5C Network
- Company type: Private
- Industry: Health technology; Teleradiology;
- Founded: 2014 in Bengaluru, India
- Founders: Kalyan Sivasailam; Syed S. Ahmed;
- Headquarters: Bengaluru, India
- Area served: India
- Key people: Kalyan Sivasailam (CEO) Syed S. Ahmed (Director) Anand Iyer (COO)

= 5C Network =

Indian teleradiology company

5C Network is a health technology company, with its headquarters in Bengaluru, that operates a teleradiology network. It runs a cloud-based platform that routes medical imaging from hospitals and diagnostic centres to remote radiologists for diagnostic reporting.

== History ==
5C Network was founded by Kalyan Sivasailam and Syed S. Ahmed as an online medical diagnostics platform connecting hospitals and diagnostic centres with a network of radiologists. According to the company, its name refers to five participants it aims to connect: patients, physicians, radiologists, hospitals, and artificial intelligence.

In March 2022, the digital health platform Tata 1mg made a strategic investment in the company for an undisclosed amount. In October 2022, 5C Network raised about US$4.6 million in a Series A round led by Celesta Capital, with participation from Unitus Ventures and Axilor Ventures. In April 2024, it raised about US$3 million from the Redwood India Healthcare Fund. The startup-data platform Tracxn records total funding of about US$12.1 million. The company has said its platform delivers radiology reports to about 2,000 hospitals and diagnostic centres across roughly 300 cities in India.

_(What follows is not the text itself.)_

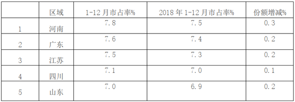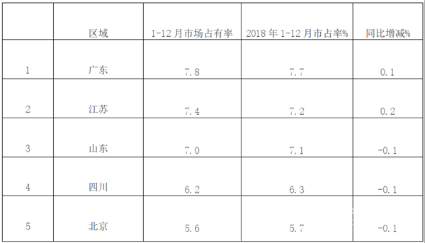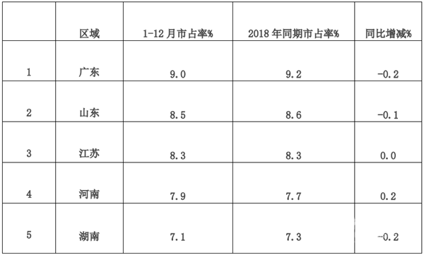 根据各地上牌数据统计,2019年1-12月大中轻客车市场占有率前5名区域市场如下:

During the COVID-19 pandemic, 5C Network worked with the Defence Research and Development Organisation's Centre for Artificial Intelligence and Robotics (CAIR) and HCG Academics to develop ATMAN AI, an algorithm for screening chest X-rays for findings associated with COVID-19. CAIR-DRDO reported that the algorithm achieved an accuracy of 96.73 per cent on a validation dataset of RT-PCR-positive hospitalised patients.

== Acquisitions and partnerships ==
In February 2023, 5C Network acquired Krayen, a healthtech company based in California that used computer vision and natural language processing, for an undisclosed amount.

In January 2026, 5C Network and BPL Medical Technologies announced a partnership to develop BPL Cortex, an AI-enabled digital radiography product that integrates 5C Network's image-analysis software into BPL's X-ray hardware. The companies described it as the first original equipment manufacturer-embedded artificial intelligence of its kind within an imaging system in India. It was shown at the 78th annual conference of the Indian Radiological and Imaging Association in Hyderabad.